Methods: We introduce Loss-adjusted EV (LaEV) and compare it to GRADE and three probability-based rankings. We define the properties of a valid ranking under uncertainty and other desirable properties of ranking systems. A two-stage process is proposed: the first selects treatments superior to the reference treatment; the second identifies those that are also within a Minimal Clinically Important Difference (MCID) of the best treatment. Decision rules and ranking systems are compared on stylized examples and 10 NMAs used in NICE Guidelines.
Results: Only LaEV reliably delivers valid rankings under uncertainty and has all the desirable properties.
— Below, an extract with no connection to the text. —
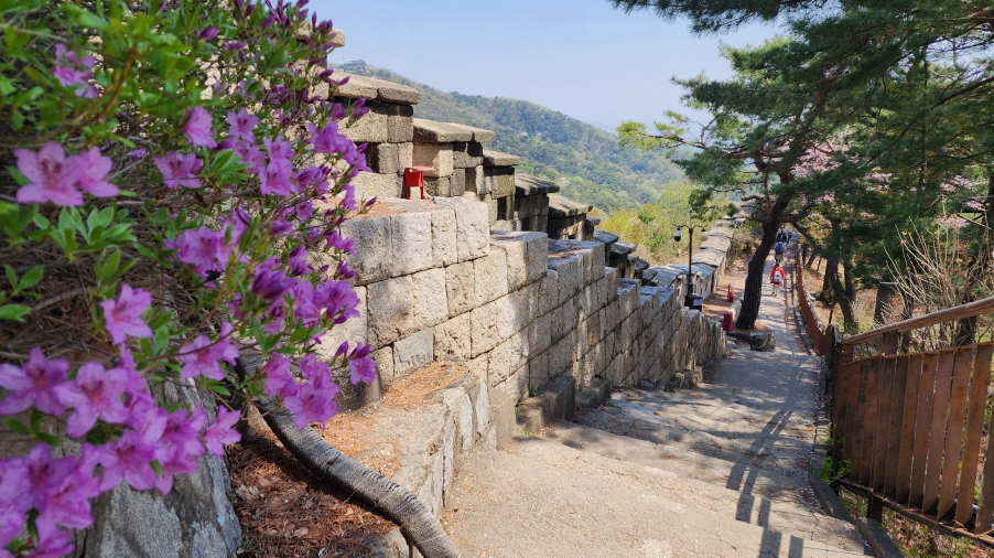 - 낙산구간은 경사가 완만하여 산책하듯 걷기에 적당하다. 축조 시기별 성돌의 모양이 어떻게 다른지 비교하면서 걷는 재미가 있다고.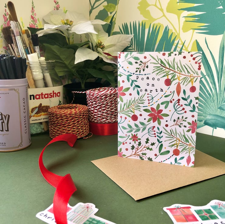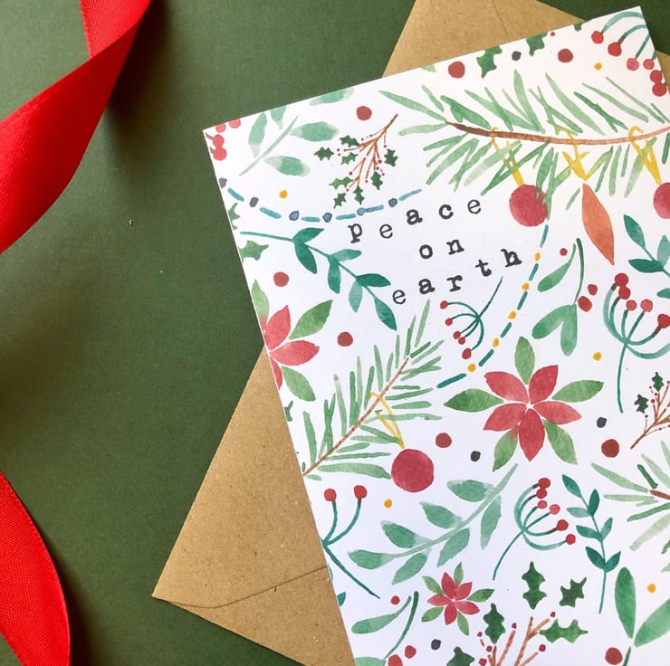 Send some Christmas peace with this classic seasonal pattern Christmas card, which reads peace on earth.

In 10 NMAs comparing between 4 and 40 treatments, an EV decision maker would recommend 4-14 treatments, and LaEV 0-3 (median 2) fewer. GRADE rules give rise to anomalies, and, like the probability-based rankings, the number of treatments recommended depends on arbitrary probability cutoffs. Among treatments that are superior to the reference, GRADE privileges the more uncertain ones, and in 3/10 cases GRADE failed to recommend the treatment with the highest EV and LaEV.
Conclusions: A two-stage approach based on MCID ensures that EV- and LaEV-based rules recommend a clinically appropriate number of treatments. For a risk-averse decision maker, LaEV is conservative, simple to implement, and has an independent theoretical foundation.